由于您具有嵌套的后代和不同的命名空间,因此请考虑将xpaths运行到每个所需的xml值。然后将它们绑定到一个数据帧中。外部lapply()在具有brca:patient函数的checkpath()个节点上运行,以考虑可能丢失的子节点或后代节点:

patientnum <- 1:length(xpathSApply(doc, "//brca:patient"))

checkpath <- function(xpath){
  val <- ifelse(length(xpath) > 0, xpath[[1]], NA)
}

patientdata <- lapply(patientnum, function(i){
  temp <- c(checkpath(xpathSApply(doc, paste0("//brca:patient[",i,"]/clin_shared:tumor_tissue_site"), xmlValue)),
            checkpath(xpathSApply(doc, paste0("//brca:patient[",i,"]/descendant::clin_shared:race"), xmlValue)),
            checkpath(xpathSApply(doc, paste0("//brca:patient[",i,"]/descendant::shared:bcr_patient_barcode"), xmlValue)),
            checkpath(xpathSApply(doc, paste0("//brca:patient[",i,"]/descendant::shared_stage:system_version"), xmlValue)),
            checkpath(xpathSApply(doc, paste0("//brca:patient[",i,"]/descendant::shared_stage:pathologic_T"), xmlValue)))

  temp <- setNames(temp, c("tumor_tissue_site", "race", "bcr_patient_barcode", "system_version", "pathologic_T"))
})

patients <- do.call(rbind, patientdata)
patients <- data.frame(patients, stringsAsFactors = FALSE)

或者,您仍然可以使用xmlToDataFrame(),但需要展平和简化XML,这可以使用XSLT(XML转换语言和兄弟到XPath)来完成。
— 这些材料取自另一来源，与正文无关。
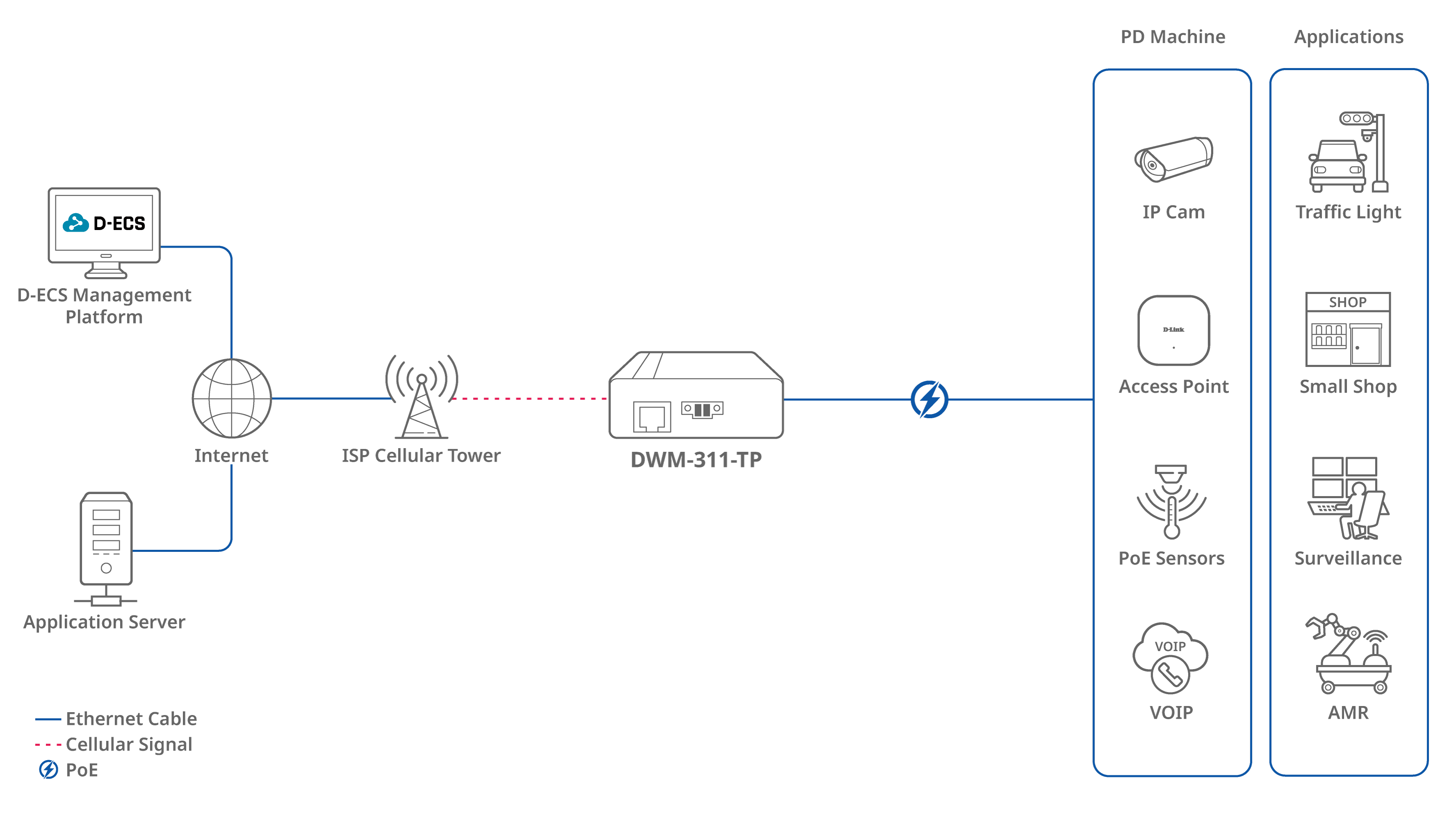 The DWM-311-TP 4G M2M PoE Modem delivers reliable 4G LTE and Ethernet connectivity for PoE devices, ensuring plug-and-play access. Its Fast Ethernet port with 802.3af/at PoE simplifies powering IP cameras, access points, PoE sensors, and VoIP systems. The auto-reboot feature guarantees uninterrupted operation by restarting unresponsive devices. Ideal for traffic systems, small shop, surveillance setups, and Autonomous Mobile Robots (AMR), the DWM-311-TP offers secure, scalable connectivity with easy web-based configuration.

虽然R没有用于XSLT的专用通用库,但您可以使用外部处理器,包括其他语言(Python,Java,PHP,甚至Excel VBA),专用.exe(Saxon,Xalan)或命令行。口译员(PowerShell,Bash)。 R可以使用system()

调用每个人

XSLT 脚本

<xsl:transform xmlns:xsl="http://www.w3.org/1999/XSL/Transform" version="1.0"
               xmlns:brca="http://tcga.nci/bcr/xml/clinical/brca/2.7"
               xmlns:clin_shared="http://tcga.nci/bcr/xml/clinical/shared/2.7"
               xmlns:shared="http://tcga.nci/bcr/xml/shared/2.7"              
               xmlns:shared_stage="http://tcga.nci/bcr/xml/clinical/shared/stage/2.7">
<xsl:output version="1.0" encoding="UTF-8" indent="yes" />
<xsl:strip-space elements="*"/>

  <xsl:template match="/brca:tcga_bcr">
    <xsl:element name="{local-name()}">
      <xsl:apply-templates select="brca:patient"/>
    </xsl:element>
  </xsl:template>    

  <xsl:template match="brca:patient">    
    <xsl:element name="{local-name()}">
        <tumor_tissue_site><xsl:value-of select="clin_shared:tumor_tissue_site"/></tumor_tissue_site>
        <race><xsl:value-of select="descendant::clin_shared:race"/></race>
        <bcr_patient_barcode><xsl:value-of select="descendant::shared:bcr_patient_barcode"/></bcr_patient_barcode>
        <system_version><xsl:value-of select="descendant::shared_stage:system_version"/></system_version>
        <pathologic_T><xsl:value-of select="descendant::shared_stage:pathologic_T"/></pathologic_T>
    </xsl:element>
  </xsl:template>

</xsl:transform>

R 脚本

system("command line call to transform xml source with xslt")
# system('python "path/to/transformation_script.py"')          ' EXAMPLE: PYTHON SCRIPT

doc <- xmlParse("path/to/transformed.xml")
doc
# <?xml version="1.0" encoding="UTF-8"?>
# <tcga_bcr>
#   <patient>
#     <tumor_tissue_site>Breast</tumor_tissue_site>
#     <race>WHITE</race>
#     <bcr_patient_barcode>TCGA-A2-A0EV</bcr_patient_barcode>
#     <system_version>6th</system_version>
#     <pathologic_T>T1c</pathologic_T>
#   </patient>
# </tcga_bcr>

patients <- xmlToDataFrame(nodes = getNodeSet(doc, "//patient"), stringsAsFactors = FALSE)

答案 1 :(得分:0)

doc = xmlInternalTreeParse(file)
ns=names(xmlNamespace(xmlRoot(doc)))
patient=getNodeSet(doc, path=paste("/", ns, ":tcga_bcr/", ns,":patient", sep=""))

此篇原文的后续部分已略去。